● **What you need to do**
A verbatim transcription of the listing below is required, without its pictures.

● **Information shown**
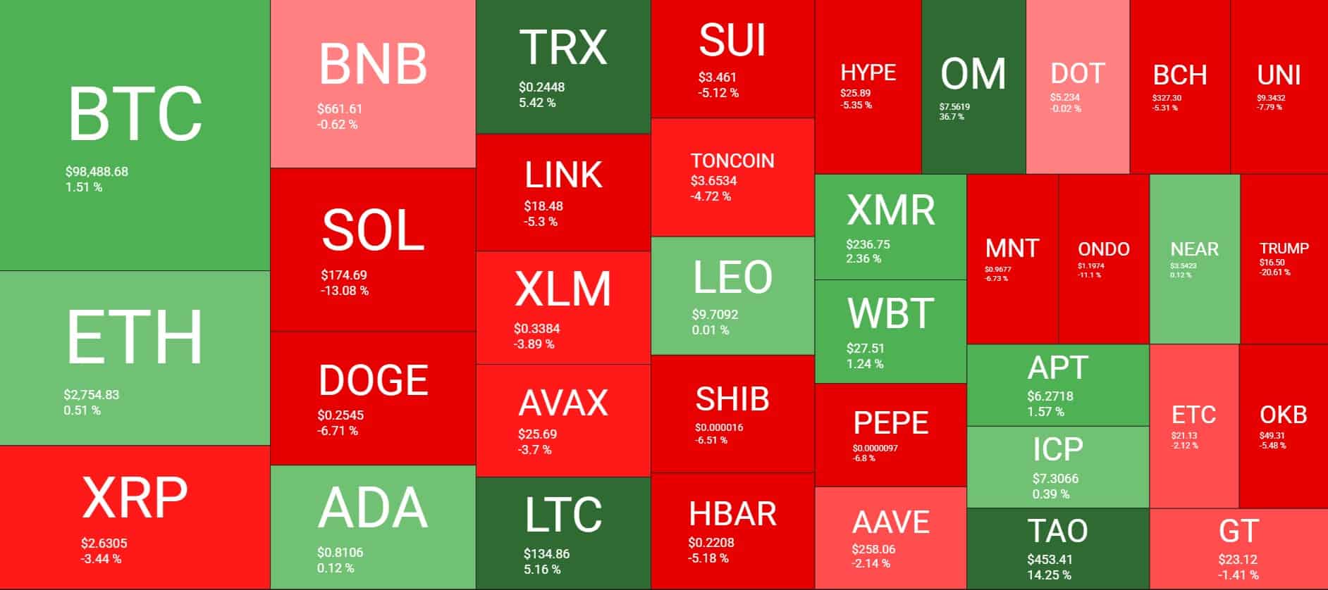自那以后,BTC收复了一些失地,目前略高于98,000美元,这意味着自上周同期以来上涨了1.5%。在大盘替代币中,TRX和LTC表现最佳,而SOL和DOGE跌幅最大,其次是LINK、TON、SUI、SHIB、PEPE等。
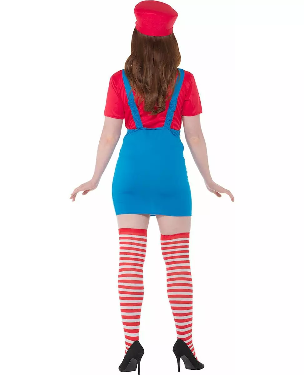 Spill som en videospillhelt i dette røde rørleggerkostymet. Dette røde rørleggerkostymet for kvinner består av et skjørt, en t-skjorte, en lue og strømper. Det høye skjørtet er blått med to stropper. Det er dekorert med gule knapper nederst på stroppene. Den kortermede t-skjorten er rød. Den matchende luen har samme farge. De hvite og røde strømpene pynter kostymet. Dette røde rørleggerkostymet vil være perfekt for å ta deg med som en videospillheltinne på karnevalet. Inkludert tilbehør: Skjørt, T-skjorte, lue, strømper Materiale: 100 % polyester Pleie: Håndvask
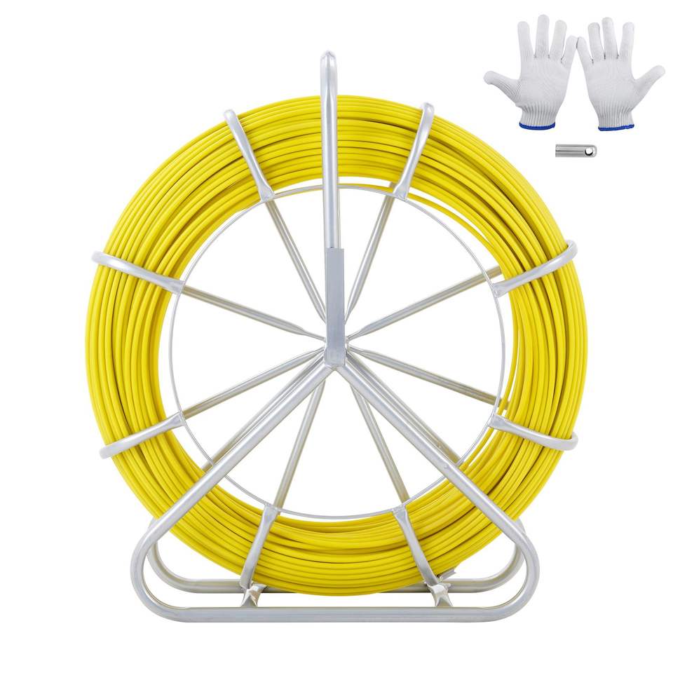 Cavo passacavi in fibra di vetro da 425 piedi e 1/4 di pollice con bobina in acciaio e 3 spazzole per la pulizia dei condotti

● **Answer for this exercise**
自那以后,BTC收复了一些失地,目前略高于98,000美元,这意味着自上周同期以来上涨了1.5%。在大盘替代币中,TRX和LTC表现最佳,而SOL和DOGE跌幅最大,其次是LINK、TON、SUI、SHIB、PEPE等。
 Spill som en videospillhelt i dette røde rørleggerkostymet. Dette røde rørleggerkostymet for kvinner består av et skjørt, en t-skjorte, en lue og strømper. Det høye skjørtet er blått med to stropper. Det er dekorert med gule knapper nederst på stroppene. Den kortermede t-skjorten er rød. Den matchende luen har samme farge. De hvite og røde strømpene pynter kostymet. Dette røde rørleggerkostymet vil være perfekt for å ta deg med som en videospillheltinne på karnevalet. Inkludert tilbehør: Skjørt, T-skjorte, lue, strømper Materiale: 100 % polyester Pleie: Håndvask
 Cavo passacavi in fibra di vetro da 425 piedi e 1/4 di pollice con bobina in acciaio e 3 spazzole per la pulizia dei condotti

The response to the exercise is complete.